Return the full listing word for word, but drop every picture from it.

### Information supplied

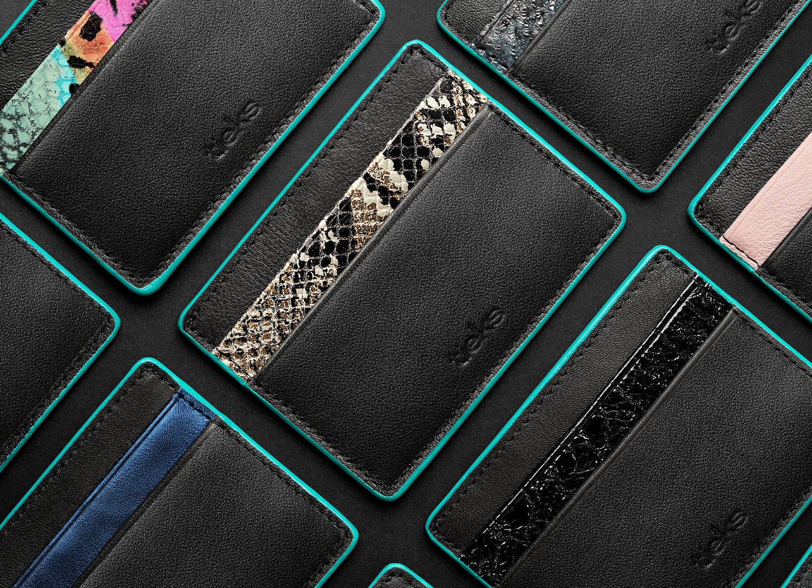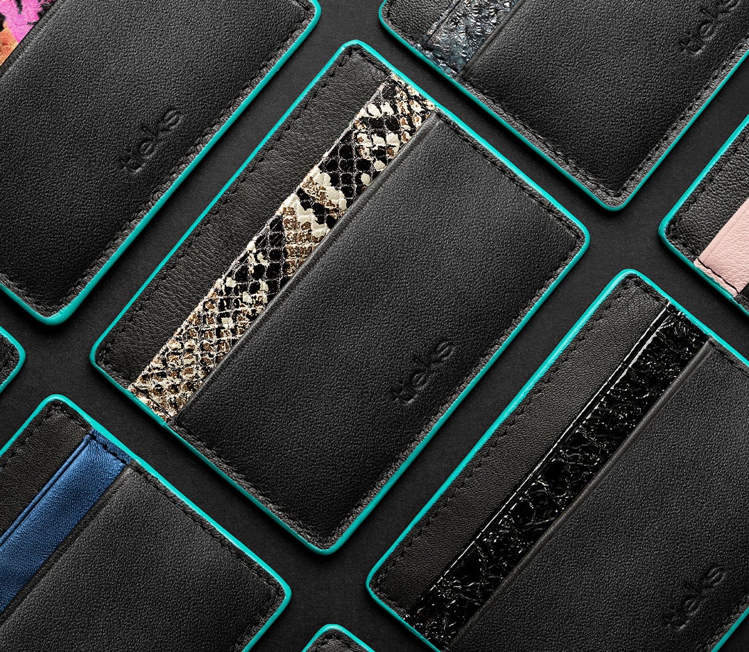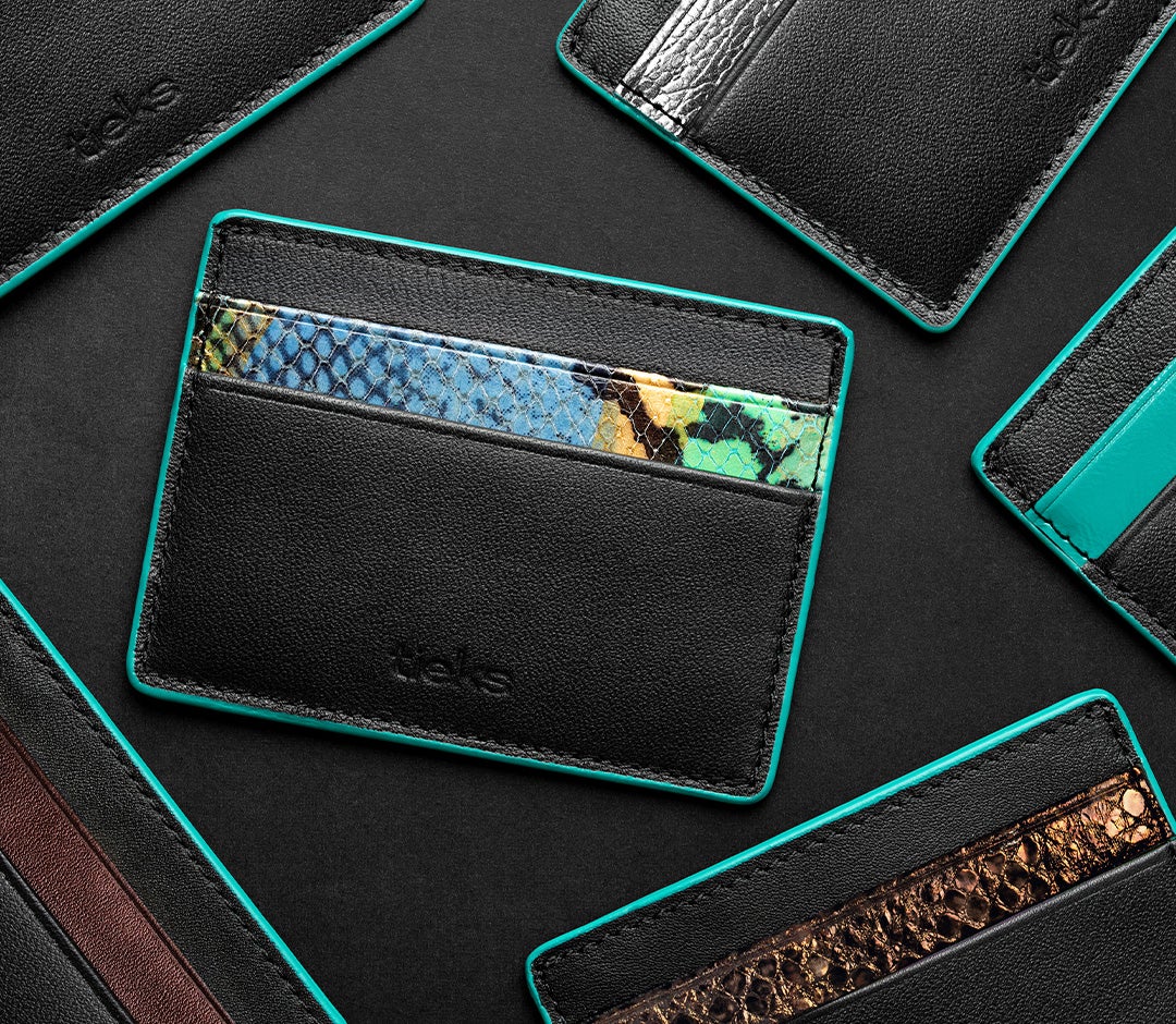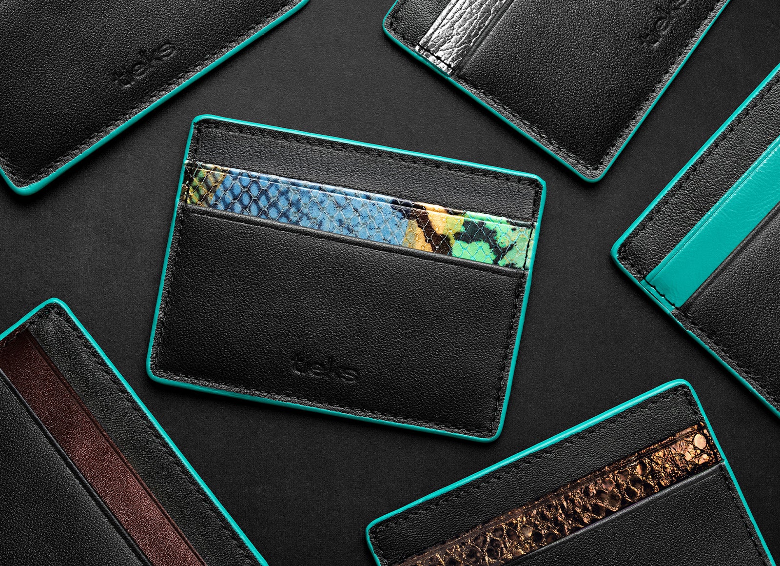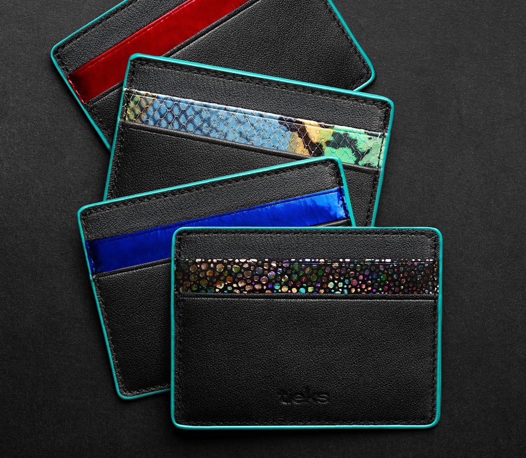 Crafted with our signature Italian artistry and leathers and modern design, the Tieks Card Case features a soft yet durable full-grain Matte Black leather exterior, Tiek Blue trim, and a band of leather in the color of your choice. Four exterior card slots and a center pocket hold your essentials in a sleek, chic silhouette.
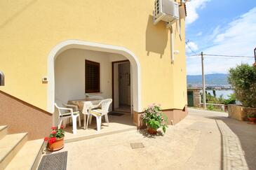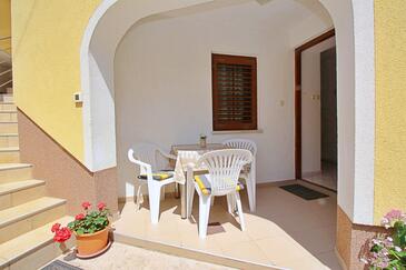 Ferienwohnung bietet Platz für 4 Gäste. Die Betten sind in Schlafzimmern, die es 2 gibt, innerhalb einer Gesamtfläche von 55m2, angeordnet. Die Gäste haben eine eigene Terrasse zur Verfügung, auf der sie in warmen Sommernächten genießen können. Es ist erlaubt, Speisen auf dem Gemeinschafts-Grill vorzubereiten.
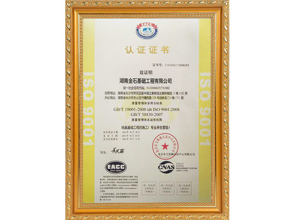 ISO質(zhì)量認證證書

######

Expected answer ::
 Crafted with our signature Italian artistry and leathers and modern design, the Tieks Card Case features a soft yet durable full-grain Matte Black leather exterior, Tiek Blue trim, and a band of leather in the color of your choice. Four exterior card slots and a center pocket hold your essentials in a sleek, chic silhouette.
 Ferienwohnung bietet Platz für 4 Gäste. Die Betten sind in Schlafzimmern, die es 2 gibt, innerhalb einer Gesamtfläche von 55m2, angeordnet. Die Gäste haben eine eigene Terrasse zur Verfügung, auf der sie in warmen Sommernächten genießen können. Es ist erlaubt, Speisen auf dem Gemeinschafts-Grill vorzubereiten.
 ISO質(zhì)量認證證書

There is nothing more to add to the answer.